8. In our experience, luminescence values from multiwell siRNA screens tend to be positively skewed and show a log-normal distribution. It is thus preferable to log transform values prior to normalization. Setting the “log” argument of the “normalizePlates” function to “TRUE” and the “scale” argument to “multiplicative” instructs cellHTS2 to first log transform the luminescence values and then subtract the plate median values from each value on a plate.

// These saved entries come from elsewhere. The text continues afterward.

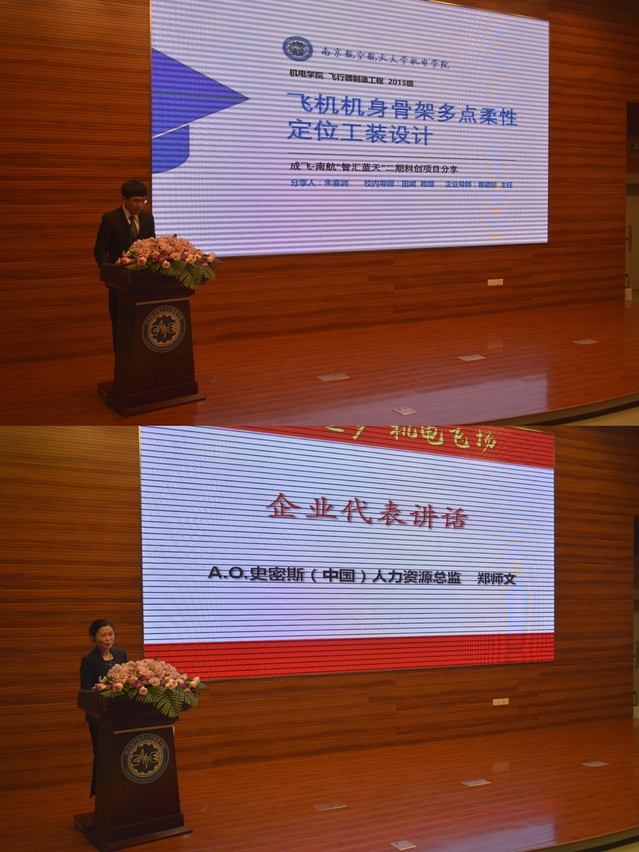 万众支持,职途未来,校企协同形成合力助力人才培养。长期以来,半岛体育 与社会各界一直保持密切联系,重视校企合作,拓展育人力量。目前,半岛体育官网 拥有昌飞、成飞、沈飞、汉中零组件及A.O.史密斯等5个校企俱乐部。其中成飞俱乐部成员朱春润作为代表讲述了他的科研故事,介绍了在成飞公司的实地调研,分享了在项目完成过程中的思考与感悟,激励更多机电学子加入校企俱乐部,将理论知识与实际生产情况相结合,为祖国的航空事业贡献青春力量。随后,其他4个校企俱乐部也形式各异地展示了半岛体育 校企俱乐部的风采。紧接着,A.O.史密斯(中国)人力资源总监郑师文作为企业代表发表讲话,她通过一组数据回顾了A.O.史密斯与南航的合作历程,对机电学子给予了高度的肯定和赞扬,表示未来欢迎更多的机电学子加入A.O.史密斯,还将进一步深化校企合作,通过多元化的渠道和措施助力我校人才培养。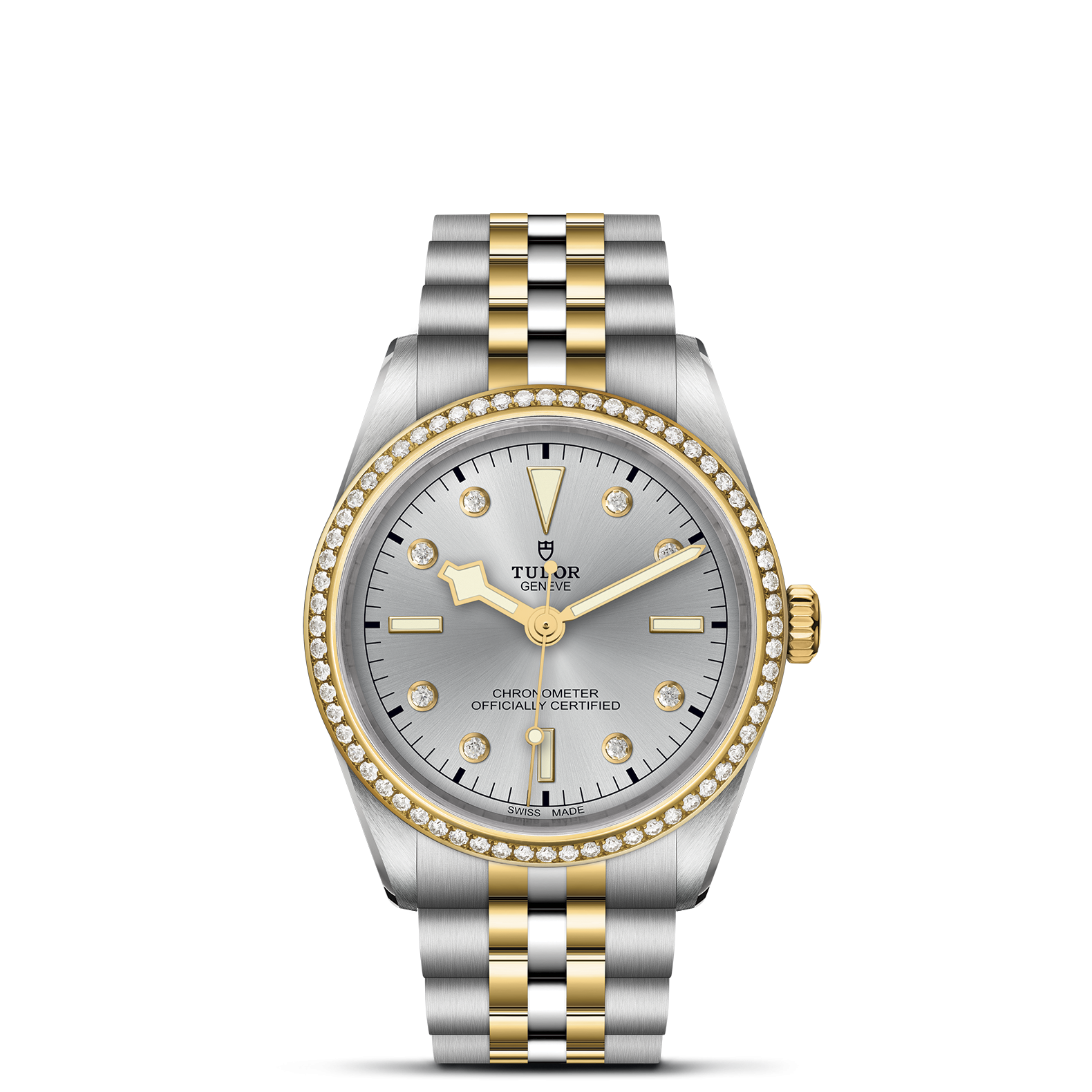 Erste Mittelelemente in Edelstahl oder massivem Gelbgold. Weitere Mittelelemente gefertigt in Edelstahl, überzogen mit 0,2 mm Gelbgold. TUDOR „T-fit“-Sicherheitsfaltschließe. Das Logo auf der Schließe ist aus massivem Gelbgold gefertigt.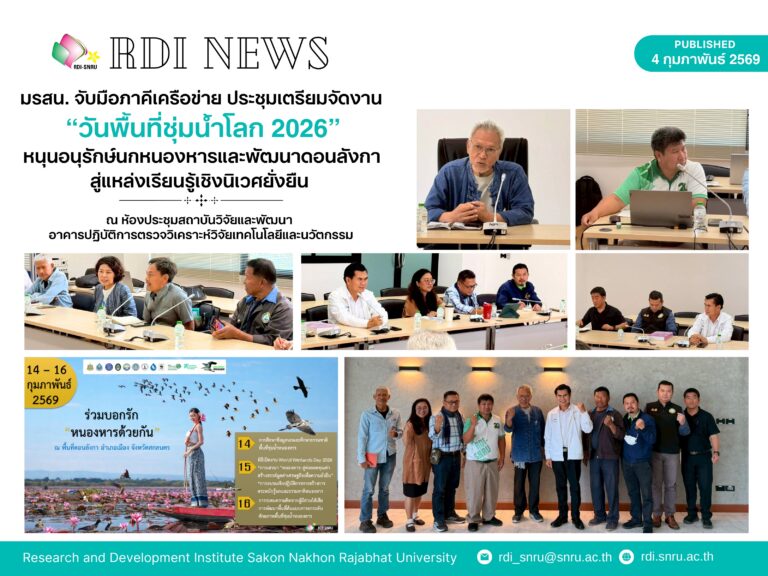 ภาพกิจกรรม มรสน. จับมือภาคีเครือข่าย ประชุมเตรียมจัดงาน “วันพื้นที่ชุ่มน้ำโลก 2026” หนุนอนุรักษ์นกหนองหารและพัฒนาดอนลังกาสู่แหล่งเรียนรู้เชิงนิเวศยั่งยืน04/02/256904/02/2026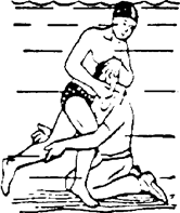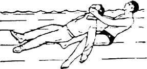 Захват под мышки. Оказывающий помощь крепко подхватывает пострадавшего под мышки, как показано на рис.10.10, и буксирует утопающего, плывя при помощи ног.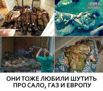 - 5 788 боевиков «Правого сектора», в основном вошедших в состав Национальной гвардии, а также 30 наемников из специальных батальонов «Днепр» и «Азов», "АЙДАР" и других НВФ Ураины, по оперативным данным трупы вывозились в Днепропетровск и уничтожались в местном крематории, или закапывались на месте расстрела и числятся как без вести пропавшие,

9. Z-normalization in the classical sense refers to adjusting a set of normally distributed values such that they have a mean value of zero and a standard deviation equal to one. For idealized normally distributed Z-scores, 95% of the values are expected to fall between Z = −2 and Z = +2 and 99.1% of the values are expected to fall between Z = −3 and Z = +3. Log-transformed and plate-centered luminescence values from siRNA screens often have negatively skewed distributions that are not well described by statistics such as the mean and standard deviation. As an alternative to standard Z-score normalization we use robust Z-normalization where the median value is subtracted from all log-transformed plate-centered values and these values are then divided by the median absolute deviation (MAD) of the distribution. This results in approximately 95% of the values falling between Z = −2 and Z = +2. Thus, siRNAs that produce a Z-score of <−2 (or more stringently, <−3) are interpreted as causing a decrease in viability.

10. At least two replicates are required for each screen in order to assess the overall reproducibility of the screen. We typically perform screens using three replicates and take the median value for each siRNA to further minimize noise.

11. Defining functional mutations in cancer driver genes can be difficult. In some cases (e.g., amplification of a gene such as ERBB2) the functional relevance of an alteration is well established. In many cases however, especially those involving missense mutations, the functional relevance of an alteration is uncertain. In [5] we developed a simple pipeline to classify mutations and copy number changes as either of likely functional relevance or of uncertain relevance [5]. For tumor suppressor genes we classify homozygous deletions, mutations predicted to cause a truncation (frame shift, nonsense, or splice site alteration) or missense mutations found to occur recurrently in tumors as functionally relevant. For oncogenes, we classify amplification events or recurrent missense mutations as functionally relevant. Mutations other than these are classified as of uncertain relevance and cell lines harboring these mutations are excluded from our association tests.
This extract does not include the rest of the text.